Conference Marks 20th Anniversary of Estonian NREN
Privacy and security experts gathered in Tartu on Friday to reflect on some of the most pressing online issues of the last half year and how national research and educational networks (NRENs) can be a hedge against too much government and corporate control of the Internet.
The conference marked the 20th anniversary of EENet, the Estonian Internet backbone that became the first ISP in the country in 1993 and continues to provide bandwidth and other services for researchers, universities and cultural institutions.
Skepticism regarding Big Data was the order of the day from several speakers, such as Internet Society technical outreach director Robin Wilton, who expressed outright worry over algorithms that may in the near future allow unprecedented semantic analysis and tracking. He also opined about the "creepiness" of the "third, invisible party in the room" on social media sites.

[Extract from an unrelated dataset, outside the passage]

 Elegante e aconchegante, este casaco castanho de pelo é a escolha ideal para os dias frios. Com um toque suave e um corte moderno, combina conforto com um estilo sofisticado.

John Dyer, business and tech strategist at TERENA, the European NREN umbrella organization, said there continues to be a need for NRENs and called for more cooperation globally.

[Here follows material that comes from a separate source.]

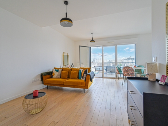 Un grand séjour lumineux de plus de 25 m² avec cuisine ouverte, donnant accès à un balcon de 8 m² (profondeur 1,40 m), exposé Est et sans aucun vis-à-vis,

"The users of NRENs are also users of […] aggregrators like Google and Microsoft. We have lots of users and can use that as a bargaining chip to get what we want. We can act as a broker aggregating requirements of community users, going to the market and getting some good deals on services. We'd be powerful if we could aggregate on the global front."
Asked whether any NRENs had been terminated, Dyer said no, but added that there was a discernible trend of creeping nationalization, and cited Portugal.
The biggest consumer of EENet, as with many NRENs are theoretical physics research projects like the Large Hadron Collider in Geneva. Estonia's Mario Kadastik, a senior research fellow at the National Institute of Chemical Physics and Biophysics, coordinates one of a number of centers that analyzes data and runs simulations in the quest to determine whether the Higgs boson, an elusive subatomic particle, exists. The volumes of data involved are measured in several petabytes, a unit equal to a million gigabytes.
In his presentation, Dyer made a strong case for extending the benefits of NRENs to the humanities as well. "Not everyone needs an optical path to the LHC, some people just need e-mail."
Other Estonian speakers at the conference included Anto Veldre, the Estonian Information System Authority's computer emergency response team specialist, known for colorful presentations and views often as unbridled as those of electronic freedom activists, and Rain Ottis of the Tallinn University of Technology, who has worked for the NATO cyberdefense center.